The drinks were beautiful, steaming with dry ice. We had to dance all night because a table was $400. Stunning, sexy women shook their hips in front of the DJs, setting a vibe. I got my face painted, I climbed on structures no doubt created for social media. A guy played an electric flute on top of the very expensive table. Massive fireworks went off at the end of night.
"It's like Tulum," Rodrigo tells me. "We call it Tuluminati."
That was the grainy glitz. That is the wild side of Mexico, crazy beautiful people gathered in the middle of nowhere. But the second-most populated city in the country, nestled among the mountains, is also tech-savvy and sophisticated.
My mother and I walked to Museo Cabanas where I learned about Jalisco artist Jose Clemente Orozco, who painted 57 murals along the grandeur walls and ceilings of what was once a children's orphanage. I got Sistine Chapel vibes, only I liked it more because his art is more sinister.
A guide explained he helped launch the Mexican Mural movement.
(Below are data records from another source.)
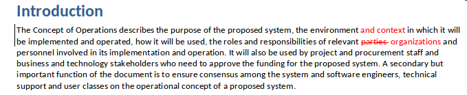 The document edit facilities in Enterprise Architect allow you to work collaboratively with other modelers. One feature that will help you when working with Static text in Custom Documents is Track Changes. This allows you to track the changes as you or others work with the document. This image shows a Static part of the document where Track Changes have been enabled and some text has been changed; the deleted and added text is shown in red.
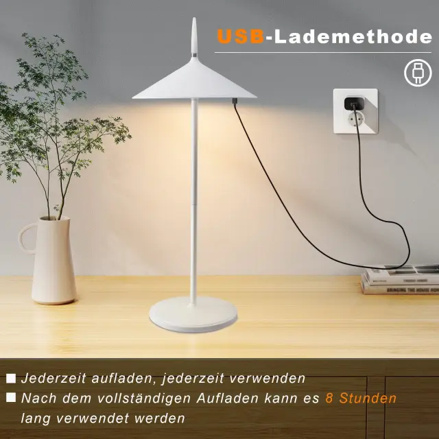 NETTLIFE Lampe de table à piles lampe de chevet LED, lot de 2 lampes de table sans fil 1800mhA, rechargeable, tactile, dimmable, moderne, blanc, IP44
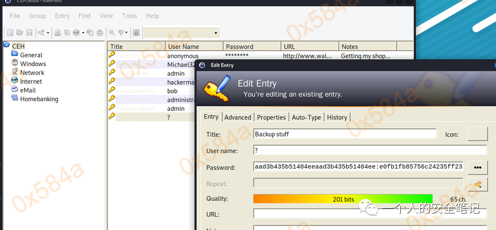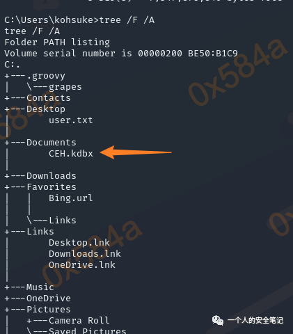 users\admin\config.xml: <passwordHash>#jbcrypt:$2a$10$QyIjgAFa7r3x8IMyqkeCluCB7ddvbR7wUn1GmFJNO2jQp2k8roehO</passwordHash>可惜解不开,随后使用 tree 命令查看下文件夹树形信息,发现存在一个 CEH.kdbx 文件。根据文件后缀名进行搜索,得知它是 Windows 免费密码管理器 KeePass Password Safe 创建的文件,用来存储密码的加密数据库,该数据库只能使用用户设置的主密码进行查看。
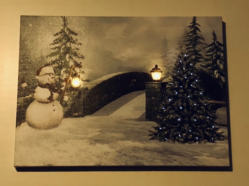 We haven’t put up the Christmas tree yet, but we do have one or two things out. Including a painting we brought last year (complete with LED lights):
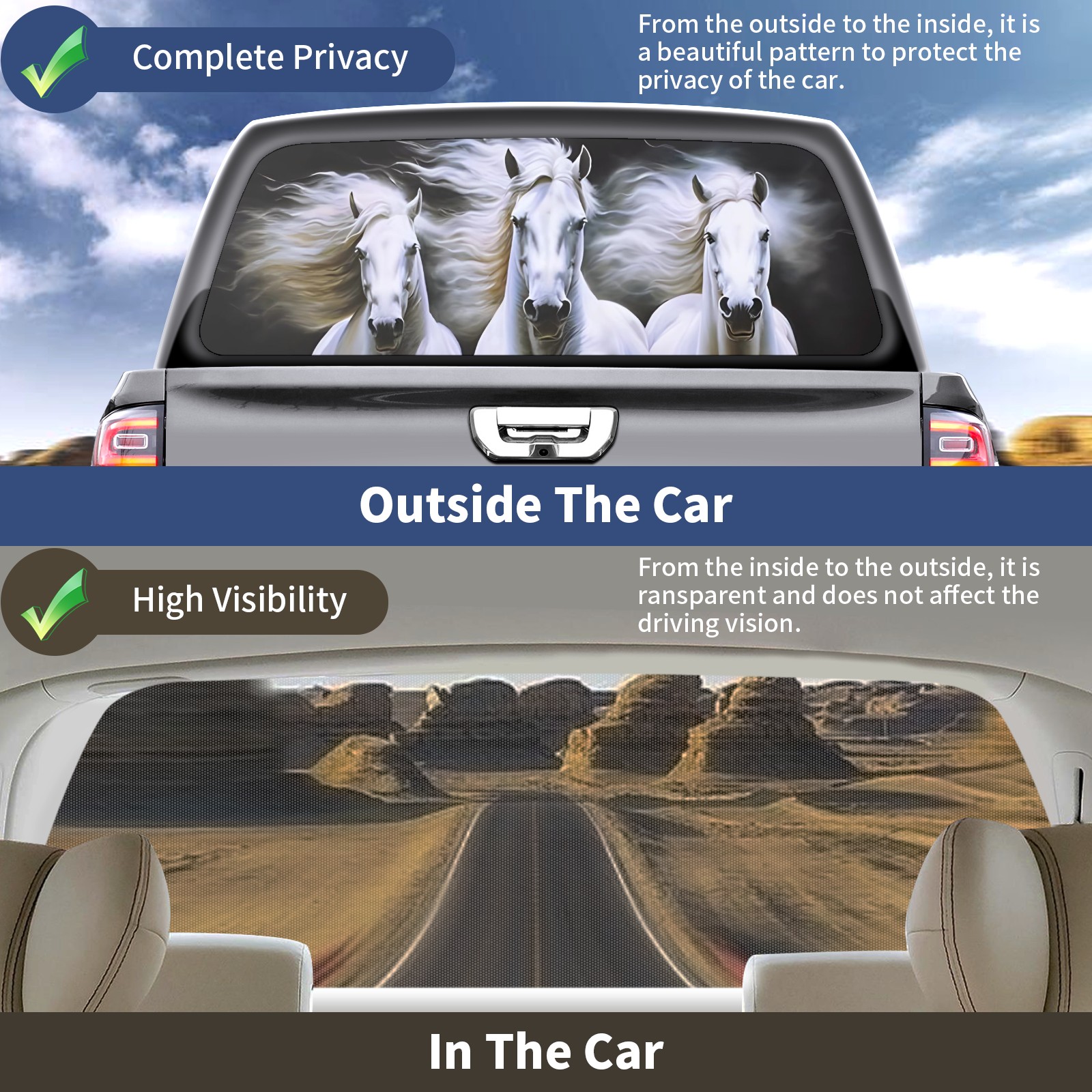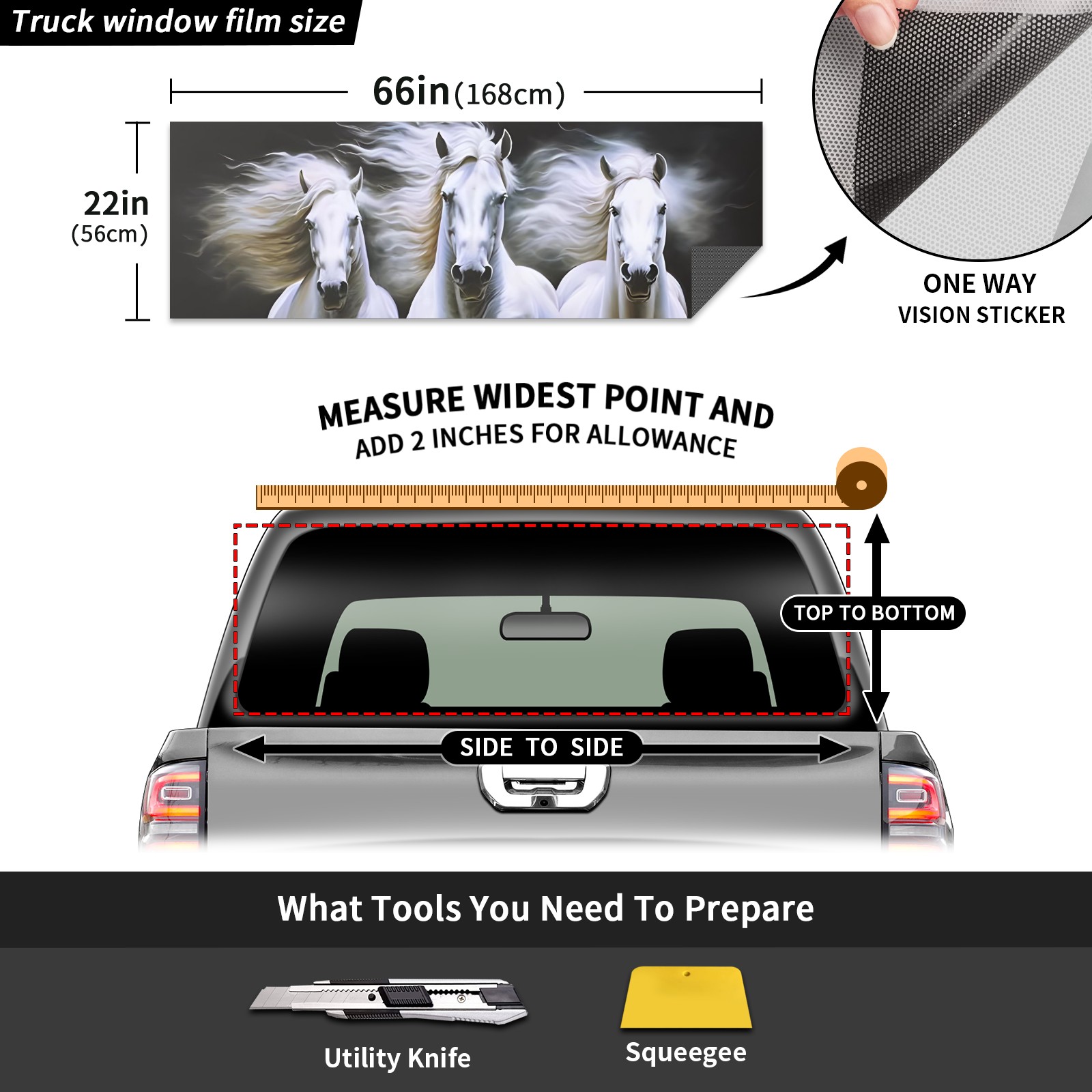 • <p><strong>Truck Rear Window Graphics Decals Pickup Trucks Back Window Film Stickers 66" x 22" Perforated Vinyl Wrap Stickers Decorations for Car Rear Window</strong></p><p><strong><br /></strong></p><p><strong>Features :</strong></p><p>- Size of the rear window decals for trucks is 66x22 Inches (168x56cm).</p><p>- High quality perforated vinyl window film, one way vision sticker.</p><p>- Perforated is see through from the inside but not from outside.</p><p>- Clear printing, waterproof and durable.</p><p>- The car back window graphics stickers fits most truck and makes your vehicle more beautiful.&nbsp;</p><p><br /></p><p><strong>【Installation Instructions】</strong></p><p><strong>1. CLEAN SURFACE -</strong> Clean the rear window thoroughly and make sure the surface clean.</p><p><strong>2. STICK THE DECALS -</strong> Tear off the paper on the back and stick the decal on the window.</p><p><strong>3. SCRAPE OFF AIR BUBBLES -</strong> Use a squeegee or other card to scrape off the excess air bubbles.</p><p><strong>4. TRIM THE EXCESS -</strong> Use a knife to cut off the excess stickers of the window, finally complete.</p><p><br /></p><p>1. Please measure the size before purchasing, back window graphics decal for truck can be cut to your desired size.</p><p>2.The graphics stickers for truck back window is a great gift for yourself also can as a birthday / halloween / christmas gift for your friends and family.</p>
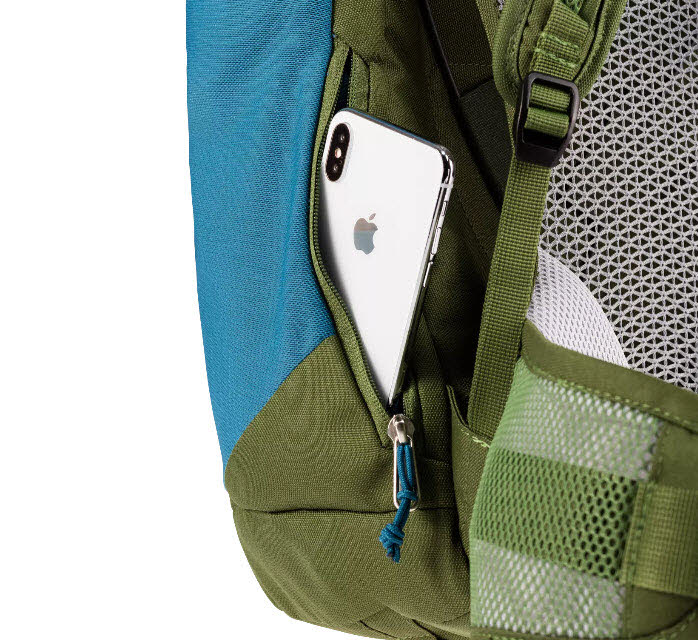 Smartphone oder Snacks lassen sich griffbereit in der elastischen und luftigen Seitentasche verstauen.
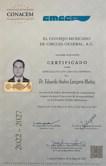 Soy el Dr. Eduardo Andrés, Cirujano General con formación en cirugía laparoscópica y certificado por el Consejo Mexicano de Cirugía General.
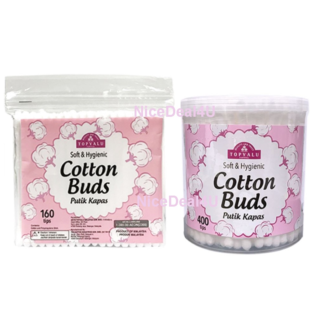 TOPVALU Soft & Hygienic Cotton Bud 160 tips/ Tub 400's Aeon Ear Buds Q-tips Beauty Nail Makeup Baby
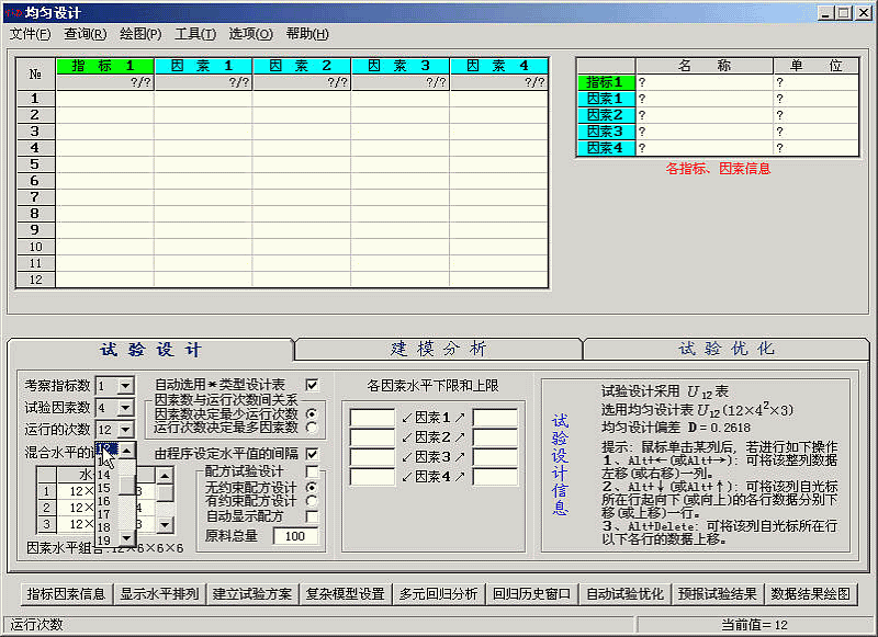 在“试验设计”栏目依次选择“考察指标数为1,试验因素数为4,运行的次数(即试验次数)为12。
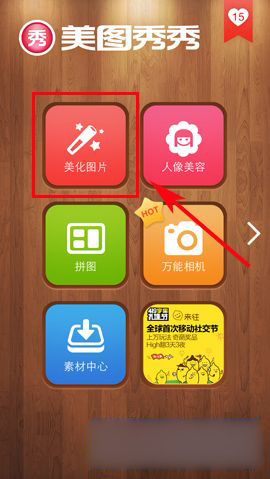 1、打开美图秀秀进入(点击下载),然后点击【美化图片】,选择自己需要打马赛克的照片,把下面的工具栏往左拨动。
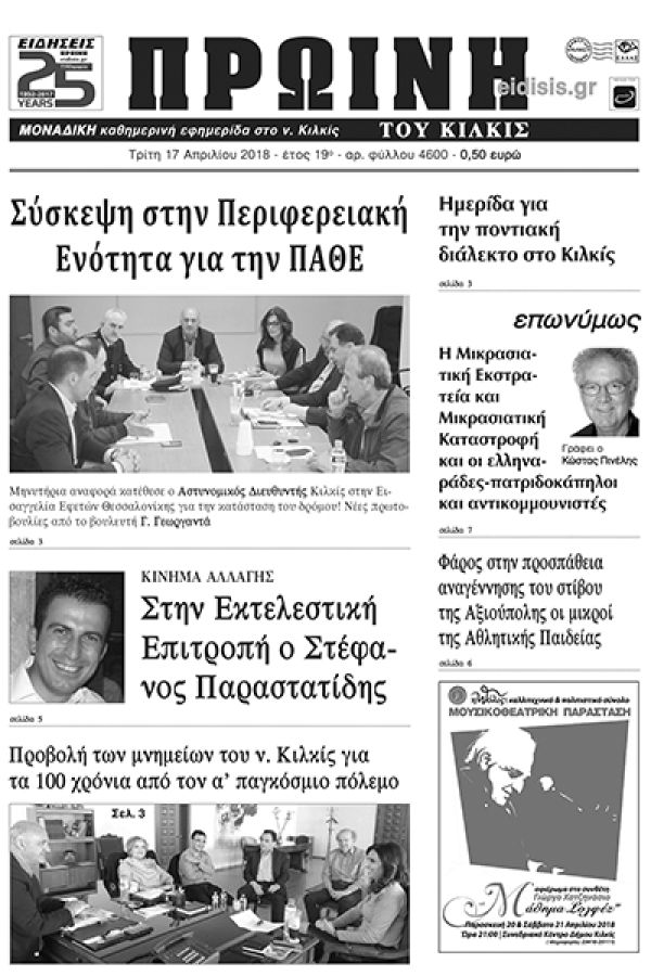 Πέντε χρόνια πριν. Διαβάστε τι έγραφε η καθημερινή εφημερίδα ΠΡΩΙΝΗ του Κιλκίς (17-4-2018)
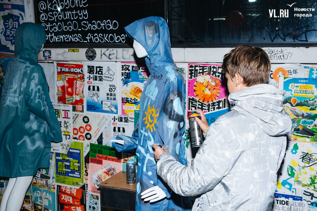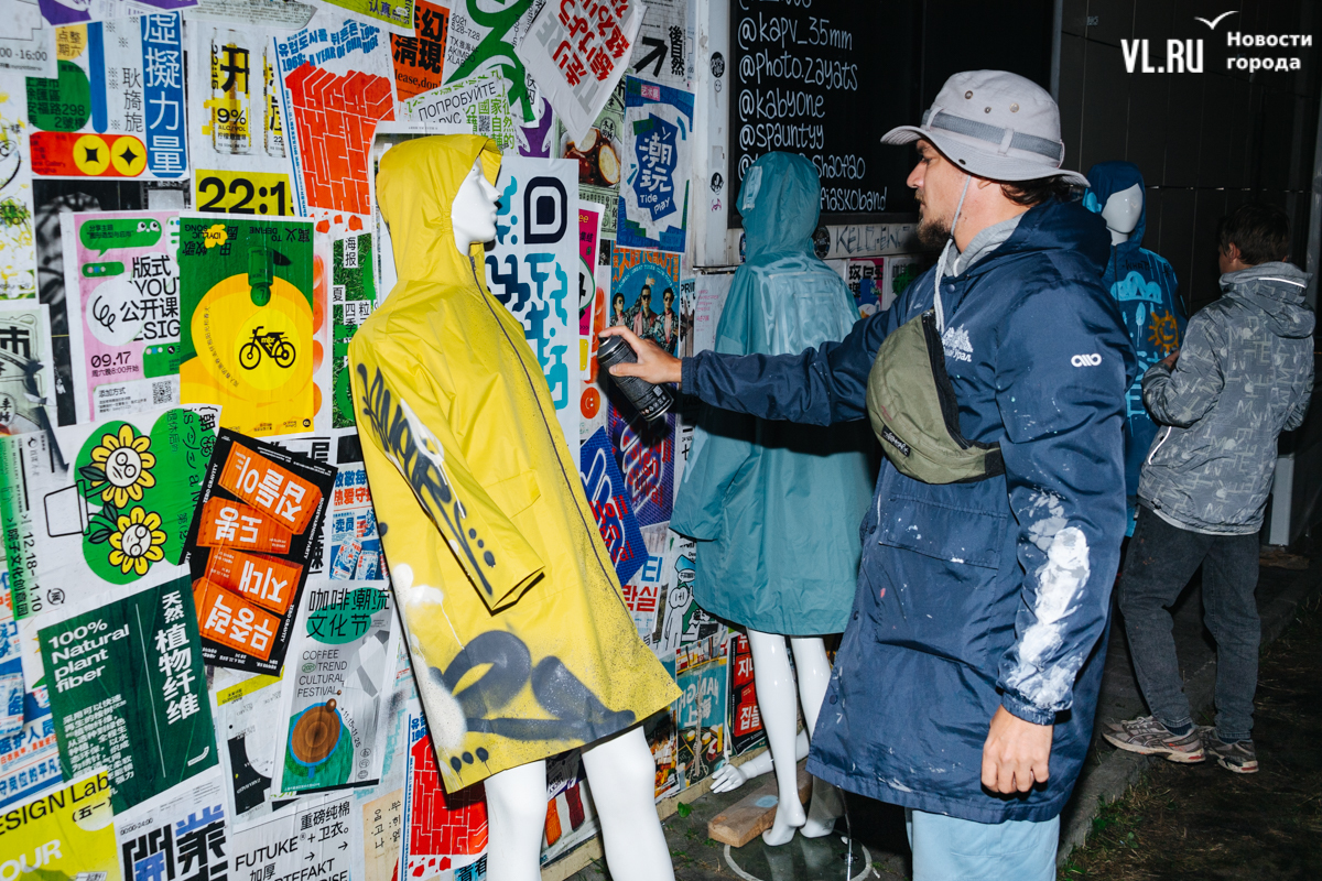 Вечером, ближе к завершению основной части фестиваля, на входе в ночную улочку, освещённую неоном, горожан встречали манекены в дождевиках, которых расписывали ничего не понимающие художники. «Я художник. У нас тут типа контест, мы вроде как соревнуемся. Я сам не знаю, короче – вроде как мы сейчас нарисуем, это потом будет оцениваться, и какие-то призы за это будут. Деньги не платили… Граффити батл будет потом, это «Киз рейн» называется, мы плащи расписываем – это, видимо, бренд так называется (плащей). У меня идеи никакой нет – дели рандомные цвета, я пытаюсь из них что-то сделать в этих суровых условиях», – попытался объяснить художник Паша.
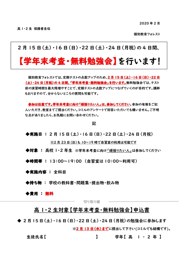 【高1・2生対象】無料勉強会のお知らせ(2月15日・16日・22日・24日)

In many of his paintings you can see references to the Indigenous and the Spanish and their conflict, their conquest. It was the 1930s and Orozco wanted to paint the realities, not just what the Spanish wanted to portray.
There is art and there is nature. Halfway through the trip we went to the Lago de Chapala where, my father learnt, many Americans live. The little community of Ajijic has much less chaos. It's a small pueblo. We stay in luxury accommodation, always less than $US75 per person per night. My family and I strolled along the lake and cobblestone streets, gazing at mountains, the colourful walls and the glorious flowers. In Mexico you never know what's behind a wall: it could be a mansion, a garden, a trash dump.
Every time I come I get more comfortable and fall more in love. On a tequila tour today I met three Mexicans living in Austin, Texas.
"My best friend lives there," I tell them excitedly. They know the organisation she works for. I tell them the places in Mexico I've visited, mostly near Cancun. "Ah", Hugo says, "that's fake Mexico."
"What is real Mexico?" I ask. "More sad," he replies.
Unquestionable sadness and poverty are here as well. I love the chaos, the wild tequila party, the women who drink alcohol unabashedly as they cross the street. That people casually ride around in the backs of big utes.
But the sadness is hard. You have to look away sometimes. Small children beg for money, walking in between cars on the streets of Avenue Chapultepec. The American expats have lived here for years, but they choose not to walk home alone at night.
The infrastructure is failing, from irrigation in Ajijic to massive holes (huecos) in the sidewalk that seem to come with every street. But still I love the joy and the movement. Today at the tequila tour I danced with men in the streets to mariachi, feeling elegant and proper as they lead me to the sounds of the blaring trumpets.
Last night the American women and I laughed about the unmistakable desire to grind to get low that comes from a US upbringing; you can always spot us on the dance floor. They tell me about the Mexican men, and I tell them about Australian men.
Tran is 43 and flawless. I loved her energy. She told me she was working in Thailand until she was 36, then she decided to move to Mexico as it was closer to home (also Texas). She spent the first six months learning Spanish, then she got a job and hasn't left since. I'm 35 and flooded with joy merely entertaining the idea that you can dramatically change your life at any time.
Tonight at my laptop, I think about my last 10 years walking around in the immaculate footpaths of Newcastle, often alone at night. I think about the children begging in the streets of Guadalajara, the young influencers, the agave farmers, the retired Americans down the road. I think about the beauty of choice, for those who have it.
Everyone has a right to decide how they want to live in this beautiful, sad, dangerous, intoxicating life.